FIGS. 6 through 8 illustrate how FIGS. 3 through 5 are accomplished by way of an example. The example chosen for the illustration is a user asking a device to record a particular program. It is apparent, however, to one skilled in the art, that any other command would yield similar results, and that the example chosen is only an illustration.
 Additional Information
FIG. 6 shows a scenario of the device needing additional information to comply with the voice command. At step 600, the user gives a voice command in the form of a short phrase for the device to record a program. This command is given at step 601 over a microphone attached to the device. At step 602, the device needs more information, and asks for it at step 603. At step 604 the user gives this addition information. At step 605, since the device is satisfied, it complies with the voice command at step 606. At step 607, since the user has no further commands, the VUI ends.
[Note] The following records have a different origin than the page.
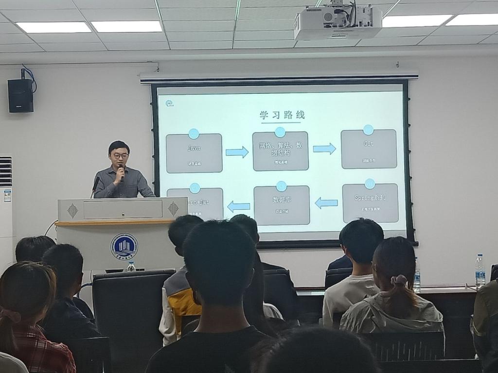 本次活动在同学们的热烈掌声中拉开序幕,黄鑫介绍了CO科创团队的历程、团队组成及荣誉。首先,由获得阿里巴巴offer的康生凯为大家进行就业分享交流,以丰富个人简历为媒介做好成长规划;还分享了他的学习方法,强调在学习中自省、总结的重要性。其次,成功入职京东的唐嘉宗介绍了在京东实习经历和开发项目,分享后端开发就业经验,介绍后端技术的招聘信息、算法题、项目的信息窗口。紧接着,成功考取上海大学学硕研究生的张效凯为同学们讲解考研的意义,分享了考研时间节点和院校选择的方法。接下来,朱泽峰以自身为例向大家介绍了加入CO后的学习经历和项目经历。最后,梁新元对本次精品活动做出总结,希望同学们“让优秀成为习惯”,讲解了学习方法和职业规划。
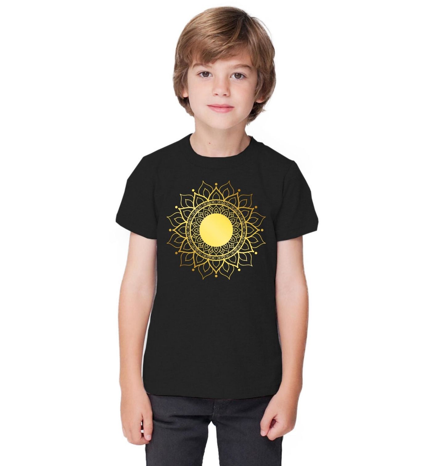 Dětské tričko Zlatá Mandala Slunce. Tento motiv působí jako vizuální meditace. Jemně propracovaná mandala v teplých zlatých tónech symbolizuje harmonii, rovnováhu a vnitřní klid. Díky symetrii a čistým liniím přirozeně přitahuje pozornost a vytváří pocit soustředění i uvolnění. Design je ideální pro každého, kdo hledá estetický motiv s hlubším významem.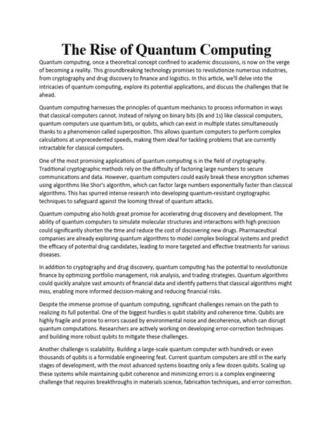 Quantum Computing's Rise: What It Means For Tomorrow

 Incorrect or Incomplete command
FIG. 7 shows a scenario of the device not recognizing a voice command. At step 700 the user gives the voice command in the form of a short phrase to tape a program. This command is given at step 701 over a microphone attached to the device. At step 702, since the device cannot recognize the voice command, it gives the user at step 703 a list of commands appropriate at that stage. At step 704 the user makes a valid choice from the list. As shown in this example “to tape” and “to record” may mean the same in colloquial English, but have different meanings to a VUI. At step 705, since the device is satisfied, it complies with the voice command at step 706. At step 707, since the user has no further commands, the VUI ends.
 Help with Commands
FIG. 8 shows a scenario of the user needing help with a voice command. At step 800 the user gives a voice command in the form of a short phrase for help with the record command. This command is given at step 801 over a microphone attached to the device. At step 802, the device gives the user either in the form of a graphical menu if a screen is available, or by using ASR technology, the choices for the record command. The user, at step 803, makes a choice from the given list. At step 804, since the device is satisfied, it complies with the voice command at step 805. At step 806, since the user has no further commands, the VUI ends.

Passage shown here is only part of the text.